Kegiatan tersebut digelar di Lamin Pokant Takaq Pengrajin Tenun Ulap Doyo, yang terletak di Jalan Mangkuraja Gang 6, Kelurahan Loa Ipuh, Kecamatan Tenggarong, Rabu (24/6/2026).
Kedatangan Rita Widyasari disambut antusias oleh masyarakat yang memadati lokasi acara. Kehadiran mantan orang nomor satu di Kukar itu mendapat sambutan hangat dari warga yang masih menaruh rasa hormat dan dukungan kepadanya.
Setibanya di lokasi, Rita Widyasari menjalani prosesi adat Dayak Benua berupa Tepung Tawar sebagai bentuk penghormatan dan penerimaan secara adat.
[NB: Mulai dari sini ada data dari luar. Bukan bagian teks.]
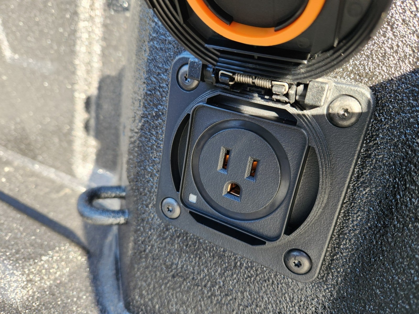 - Shows a close-up view of the trailer hitch1
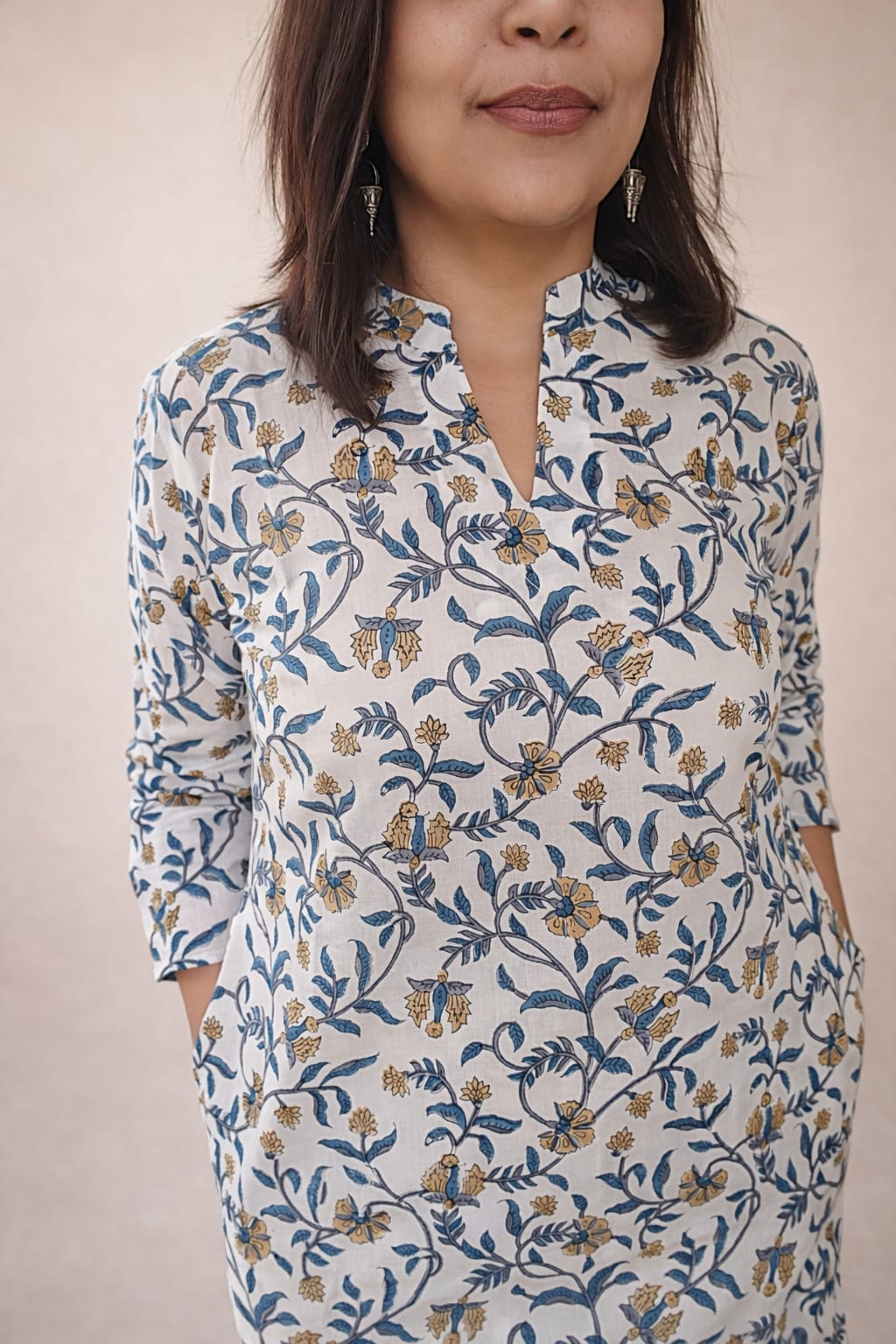 Handblock relaxed style short kurtas and culottes kurtas comes with 2 pockets. Each piece is meticulously hand-blocked, showcasing traditional artisanal craftsmanship. The unique patterns created through this labour-intensive technique ensure no two pieces are identical. Perfect for effortless, comfortable wear with functional pockets.

Dalam prosesi tersebut, ia juga dianugerahi nama adat “Ringeng Ayaakng” oleh masyarakat Dayak Benua yang artinya Seseorang perempuan yang terkenal atau terhormat putri seorang pemimpin.
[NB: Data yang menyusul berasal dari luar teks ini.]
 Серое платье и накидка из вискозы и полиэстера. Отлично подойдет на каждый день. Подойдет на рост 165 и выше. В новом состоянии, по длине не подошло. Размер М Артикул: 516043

Usai prosesi adat, Rita disambut dengan tarian tradisional Dayak dan mendapat sambutan antusias dari masyarakat yang hadir.
Rita mengaku terharu atas sambutan yang diberikan masyarakat Dayak Benua kepadanya.
“Saya mendapatkan undangan dari Bapak Kepala Suku Dayak. Alhamdulillah saya bahagia sekali bisa menginjakkan kaki di sini. Beliau baru pertama kali bertemu saya, tetapi sudah mengetahui program-program yang pernah saya jalankan, terutama dalam mendukung industri kreatif seperti yang ada di tempat ini,” ujarnya.
Menurut Rita, selama memimpin Kukar dirinya selalu berupaya mendorong pelaku kerajinan lokal agar mampu dikenal lebih luas hingga tingkat internasional.
“Saya memang selalu berusaha bagaimana kerajinan di Kukar ini dikenal, tidak hanya di Indonesia tetapi juga sampai ke mancanegara. Bahkan para pengrajin di sini pernah tampil di New York,” katanya.
Rita juga menyampaikan rasa syukur atas sambutan masyarakat yang menurutnya masih menunjukkan kasih sayang dan kedekatan emosional yang terjalin selama ini.
“Ternyata mereka bukan hanya mengingat, tetapi masih mencintai. Dan saya memang sangat mencintai mereka. Kami adalah dua pihak yang saling mencintai dan sulit dipisahkan,” tuturnya.
Terkait gelar adat yang diterimanya, Rita mengaku sangat menghargai penghormatan tersebut.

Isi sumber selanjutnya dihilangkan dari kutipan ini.